Dans un entretien sorti dans la Tribune, Bertrand Piccard est psychiatre et aéronaute suisse met en garde contre la mauvaise volonté du secteur aérien en matière de changement climatique – une attitude de nature à précipiter leur déclin économique.
Le salon de l’aéronautique Paris Air Show – ou plus communément appelé « Salon du Bourget » – a commencé ce lundi sur fond de crise du B737 MAX de Boeing et de montée des critiques à l’égard des émissions du secteur du transport aérien. Pourtant, ce second enjeu, majeur pour l’avenir de la filière, semble avoir été largement ignoré par les participants à ce grand raout. Une situation dénoncée par Bertrand Piccard, Président de la Fondation Solar Impulse, qui u voit un manque de clairvoyance dangereux pour le secteur : « Il y a deux façons de répondre à l’adversité : tenter de s’y opposer le plus longtemps possible ou l’embrasser pour se l’approprier et la contrôler » note ce dernier.
« S’y opposer, comme Kodak face à l’avènement de la photographie digitale, jusqu’à disparaitre dans une faillite colossale ; comme les banques suisses dans les années 1990 qui ont envoyé balader le Congrès juif mondial lors de la crise des fonds en déshérence avant d’être condamnées à payer des milliards de dollars de pénalités ; comme les constructeurs automobiles qui ont snobé la voiture électrique, mais qui courent maintenant derrière le succès de Tesla sans parvenir à rattraper leur retard » ironise le spécialiste. « Ils ont tous résisté sans comprendre que cela allait causer leur perte » prévient-il.

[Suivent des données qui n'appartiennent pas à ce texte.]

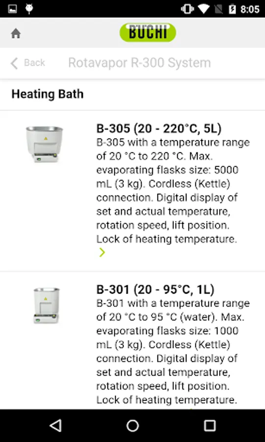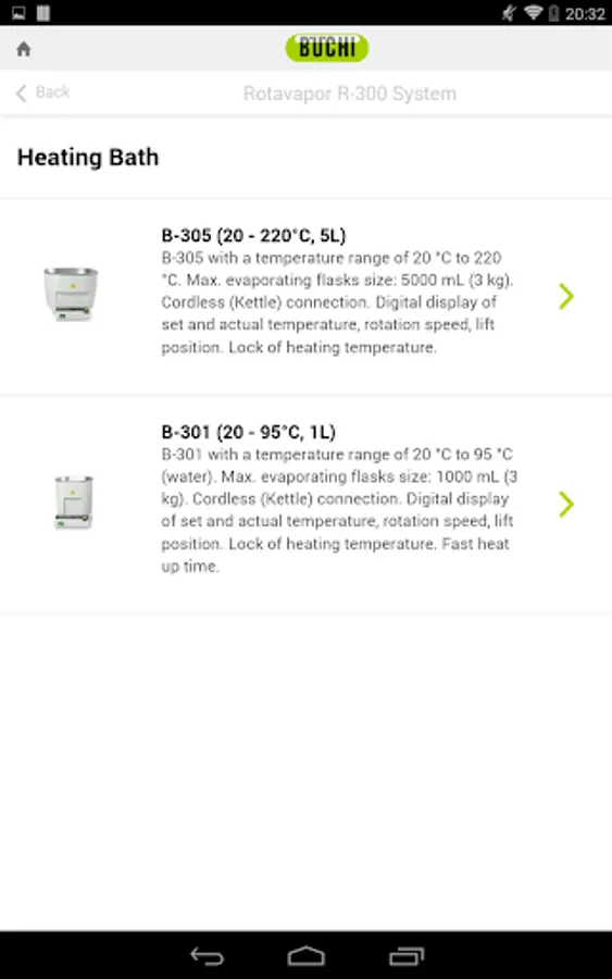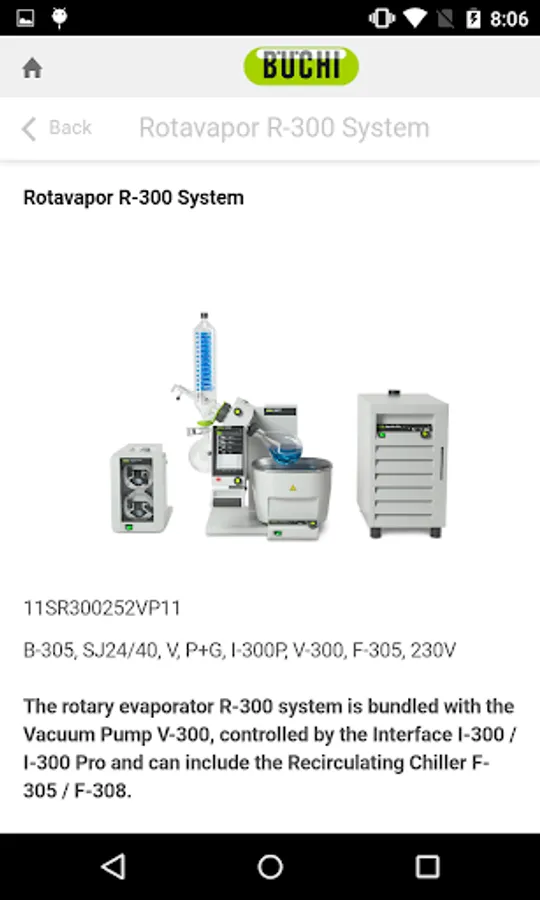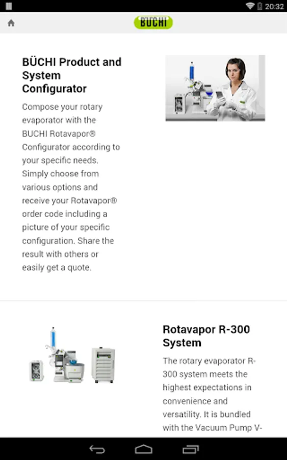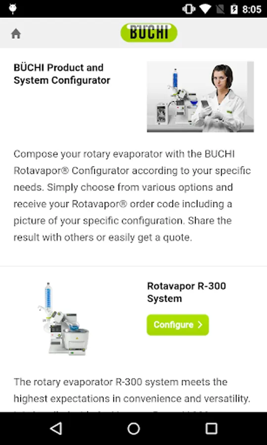- Configurator for stand-alone products or complete systems guiding through the official BUCHI ordering matrix

En cause, l’attitude des grande compagnie aériennes mondiales face à un potentielle taxe kérosène ? Devant des appels qui se multiplient pour taxer le transport aérien afin de lutter contre le changement climatique et financer des initiatives de compensation d’émissions pour les vols aériens, le secteur a décidé de faire l’autruche. Une attitude contreproductive, dit l’analyste, qui estime que le secteur est en train de s’enfermer dans une position d’ennemi du développement durable qui va durablement écorner leur image. « Si les compagnies aériennes l’avaient compris, c’est elles qui spontanément introduiraient la compensation carbone sur chaque billet vendu », note Bernard Picard.

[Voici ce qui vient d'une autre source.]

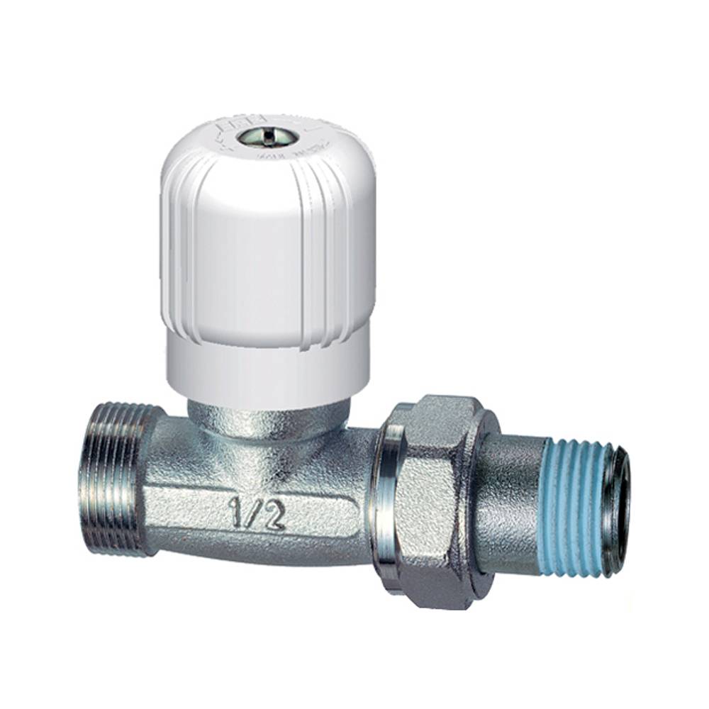 Valvola manuale diritta cromata. - Attacco intercambiabile per tubo rame, plastica e multistrato. - Volantino rinforzato in metallo. - Asta con doppia tenuta, o-ring e premistoppa. - Otturatore a battuta metallica e tenuta con o-ring. - Codolo preguarnito con Loctite® Dri-Seal® 5061. - Tenuta tra codolo e corpo valvola in HPF. Temperatura max di esercizio 95°C. Pressione max d'esercizio 10 bar.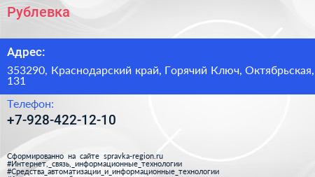 Рублевка по адресу 353290, Краснодарский край, Горячий Ключ, Октябрьская, 131 в дальнейшем Организация, размещена в следующих категориях: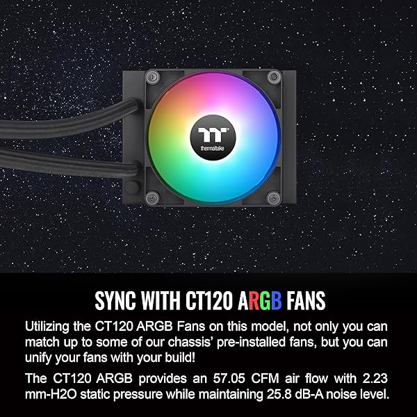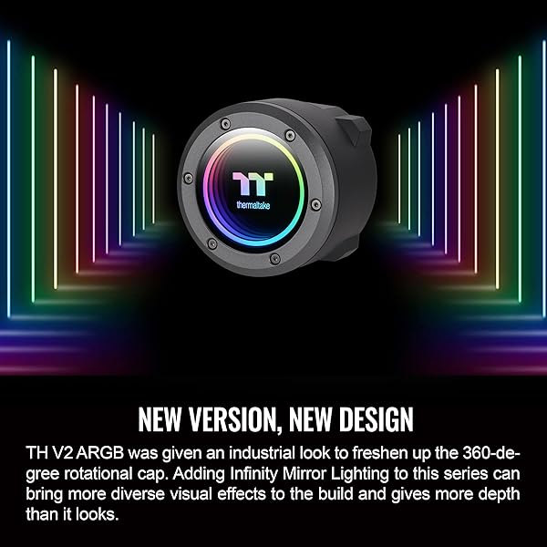 * Thermaltake TH120 ARGB Sync V2 CPU Liquid Cooler/AlO Liquid Cooling/Fan 120mm*1/PWM 500~2000 RPM/Mirror Waterblock/MB ARGB Sync Control, CL-W360-PL12SW-A , Black: from the all-new th v2 argb series * The TH120 V2 ARGB has a new industrial cap with an infinity mirror light design * Bringing a new vibe to the TH series * Adding Infinity Mirror Lighting to this series can bring more diverse visual effects to the build and gives more depth than it looks * Equipped with one CT120 ARGB fan

« Les grèves pour le climat et l’exemple de Greta Thunberg, en mobilisant la jeunesse, ont déclenché un phénomène nouveau : la honte de prendre l’avion, le flygskam en suédois », développe-t-il. Aussi, le risque est réel : « résister le plus longtemps possible » les exposera sans aucun doute « au risque de passer pour des pollueurs irresponsables et perdre des parts de marché face à d’autres moyens de transport ». Aussi, un prélèvement – même mineur – aiderait à déculpabilise les udagers. Et la douleur serait mineure : pour M Picard, une telle taxe « passerait totalement inaperçu puisque les politiques tarifaires font varier les prix du simple au quintuple suivant le moment et le lieu où l’on achète son billet ».
Malgré cet intérêt manifeste, les engagements pris par l’Organisation Internationale de l’Aviation Civile sont « irresponsables ». Le secteur a en effet consenti à « plafonner les émissions du secteur aérien au niveau de 2020 et de ne compenser que ce qui dépassera ce niveau ». Une position qui ne fera rien pour réduire « la honte de l’avion » et qui va coûter de plus en plus cher au secteur, qui va perdre l’initiative sur sa régulation. « Les changements réglementaires ne l’épargneront pas et les gouvernements lui imposeront les taxes qu’elle aura refusé de mettre elle-même en place (…) Et nous, nous aurons gagné quelques mégatonnes de CO2 en plus dans l’atmosphère… », conclut Bertrand Piccard.